Add a clip preset: a sentence-transformers CLIP backend embeds images and text into one shared space, so db.add_image() / db.add_images() and cross-modal text-to-image / image-to-image search run over the existing single-vector TurboVec scan with no storage or scoring change. CLIP rides the sentence-transformers stack (separate from the ONNX-default text runtime); the [image] extra adds only Pillow, both lazy-imported.
db.add_images([...]) embeds a gallery in backend-sized batches and commits once.
Add a public embedder= argument so any EngineEmbeddingBackend can drive a text-capable index at its own dimension (it must declare a non-secret required_model_name).
Add LodeCollection: named vector spaces (sibling indexes) under one root, each recorded with an explicit kind and reopened from a manifest.
Promote bring-your-own-vectors: README section + feature bullet + [image] extra, docs/multimodal.md, examples/multimodal_clip.py.
Add benchmarks/multimodal_image/; doctor reports image-embedding readiness.

The raw image bytes never reach LodeDB (keep the path in metadata); the on-disk format is unchanged.

Correctness and privacy (addresses all review rounds)

Rebased on current main (includes #32's runtime-default hardening; the WAL-default constructor docs now read correctly).

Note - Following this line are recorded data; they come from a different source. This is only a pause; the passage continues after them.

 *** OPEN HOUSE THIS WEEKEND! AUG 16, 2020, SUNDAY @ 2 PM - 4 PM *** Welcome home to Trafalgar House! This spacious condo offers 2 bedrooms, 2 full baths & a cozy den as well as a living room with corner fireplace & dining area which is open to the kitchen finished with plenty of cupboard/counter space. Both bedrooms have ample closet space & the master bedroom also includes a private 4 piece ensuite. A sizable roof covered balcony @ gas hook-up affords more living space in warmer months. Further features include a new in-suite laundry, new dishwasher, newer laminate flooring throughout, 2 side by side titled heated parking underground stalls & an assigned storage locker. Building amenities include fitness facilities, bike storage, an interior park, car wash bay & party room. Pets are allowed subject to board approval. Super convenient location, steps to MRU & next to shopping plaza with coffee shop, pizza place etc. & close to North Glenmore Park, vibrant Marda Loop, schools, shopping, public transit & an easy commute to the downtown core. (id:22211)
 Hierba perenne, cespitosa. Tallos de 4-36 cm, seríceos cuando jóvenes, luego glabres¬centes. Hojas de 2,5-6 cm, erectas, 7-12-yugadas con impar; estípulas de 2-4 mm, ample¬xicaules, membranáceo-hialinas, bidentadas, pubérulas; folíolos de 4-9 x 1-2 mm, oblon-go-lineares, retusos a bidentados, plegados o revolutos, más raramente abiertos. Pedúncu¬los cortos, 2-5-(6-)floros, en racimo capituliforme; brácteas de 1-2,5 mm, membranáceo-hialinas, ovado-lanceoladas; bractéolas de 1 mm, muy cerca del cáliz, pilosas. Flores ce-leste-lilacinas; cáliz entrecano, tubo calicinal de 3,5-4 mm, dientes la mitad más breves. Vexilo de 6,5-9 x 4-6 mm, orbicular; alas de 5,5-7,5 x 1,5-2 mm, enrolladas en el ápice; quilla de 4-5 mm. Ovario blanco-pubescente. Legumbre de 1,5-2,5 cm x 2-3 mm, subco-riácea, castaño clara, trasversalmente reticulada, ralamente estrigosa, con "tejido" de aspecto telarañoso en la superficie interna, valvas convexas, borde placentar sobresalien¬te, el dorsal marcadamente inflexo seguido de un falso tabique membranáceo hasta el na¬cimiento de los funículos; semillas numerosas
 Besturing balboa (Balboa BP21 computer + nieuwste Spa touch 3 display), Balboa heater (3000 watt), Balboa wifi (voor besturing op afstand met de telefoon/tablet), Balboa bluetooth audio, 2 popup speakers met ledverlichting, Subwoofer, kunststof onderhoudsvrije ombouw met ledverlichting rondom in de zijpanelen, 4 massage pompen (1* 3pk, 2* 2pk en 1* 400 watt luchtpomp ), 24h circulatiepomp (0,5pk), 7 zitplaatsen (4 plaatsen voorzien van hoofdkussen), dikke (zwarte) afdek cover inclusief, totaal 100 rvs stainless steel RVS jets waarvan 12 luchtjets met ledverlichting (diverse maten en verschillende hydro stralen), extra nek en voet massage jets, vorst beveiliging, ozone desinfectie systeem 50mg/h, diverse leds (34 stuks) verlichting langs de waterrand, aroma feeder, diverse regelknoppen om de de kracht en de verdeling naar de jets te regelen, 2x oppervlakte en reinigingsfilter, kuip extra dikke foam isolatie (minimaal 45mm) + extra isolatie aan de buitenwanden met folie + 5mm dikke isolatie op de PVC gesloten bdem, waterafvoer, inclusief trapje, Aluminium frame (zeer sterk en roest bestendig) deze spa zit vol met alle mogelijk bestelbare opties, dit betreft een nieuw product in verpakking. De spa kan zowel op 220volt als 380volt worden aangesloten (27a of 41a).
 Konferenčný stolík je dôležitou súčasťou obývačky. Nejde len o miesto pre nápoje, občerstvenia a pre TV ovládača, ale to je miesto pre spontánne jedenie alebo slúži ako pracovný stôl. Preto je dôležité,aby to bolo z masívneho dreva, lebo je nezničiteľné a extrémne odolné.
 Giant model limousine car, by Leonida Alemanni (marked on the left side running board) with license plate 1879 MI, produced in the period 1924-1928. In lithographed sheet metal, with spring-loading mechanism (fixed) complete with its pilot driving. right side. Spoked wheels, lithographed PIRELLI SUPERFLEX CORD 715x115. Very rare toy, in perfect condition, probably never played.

store_text=False keeps raw text off disk, including the WAL. Vector/image WAL records drop the caption; text-in records log the chunk embedding delta (and, with index_text=True, the per-chunk lexical tokens) instead of the body, and apply_embedded_documents replay rebuilds rows on the committed base, so store_text=False text indexes keep full WAL durability and mode="lexical"/"hybrid" recover after a crash, all with no raw text written.
Vector/image upserts refresh lexical postings. Replacing a text document with add_vectors/add_image at the same id used to leave the old body's terms in the lexical index. The upsert now sets the document's tokens from the text= caption (searchable when index_text=True) or to an empty list when there is no caption, clearing the stale postings; the change is journaled to .tvlex and the caption tokens are logged in the WAL, so it holds in the live handle and after a crash-replay.
Full route identity enforced at open. Loading validates the persisted (model, provider, task, native_dim, storage profile, bit width) against the route policy, so a vector-only store cannot reopen as a custom-embedder route (same model id, different task) and a bit-width change is not silently ignored. A public embedder= must declare a non-empty required_model_name.
Honest bit_width. A preset's width is fixed by its route, so an explicit conflicting bit_width for a preset is now rejected rather than silently ignored; bit_width is configurable only on vector_dim= / embedder= indexes, where it must be 2 or 4. LodeCollection records a preset space's effective width, never a caller value that would not take effect.
LodeCollection is a crash-safe registry. It records each space's kind (preset / vector / custom) and its privacy/indexing flags (store_text/index_text), and re-applies them on reopen, so a store_text=False space never silently flips back to retaining raw text. The registry meets the engine's durability bar: the manifest honors durability="fsync"/LODEDB_DURABILITY (spaces inherit the collection's durability), and a failed manifest publish rolls the space back (closing it, releasing its lock, restoring the registry) instead of leaving an open, unregistered, locked space. col.space("name") reopens preset/vector spaces from the manifest with no args; a custom-embedder space is reopened with a matching embedder=. space() enforces config before returning a cached handle; manifest writes take a lock + read-merge-write. The legacy snapshot loader skips collection.json, so opening a collection root as a plain index no longer fails with a schema-version error.
Image ingestion is guarded and observable. add_image/add_images validate the payload (metadata/text) before the encode, so a bad request wastes no CLIP call and skews no metrics; reject an image whose pixel count exceeds LODEDB_MAX_IMAGE_PIXELS (default ~64 MP) before the full decode (a decompression-bomb guard); open images under a context manager; and bound peak decoded-image memory to the batch. stats()["image_embedding"] reports per-handle encode count, time, and failures split by phase (ingest vs query), so search_by_image encode cost is visible too (no paths or captions).
Build/CI: uv.lock tracks [image]; CI runs uv lock --check, syncs --extra image, and hardens cargo crates.io fetches against the Windows schannel flake. The WAL-privacy file scan skips the writer's locked lock sentinel so it runs on Windows.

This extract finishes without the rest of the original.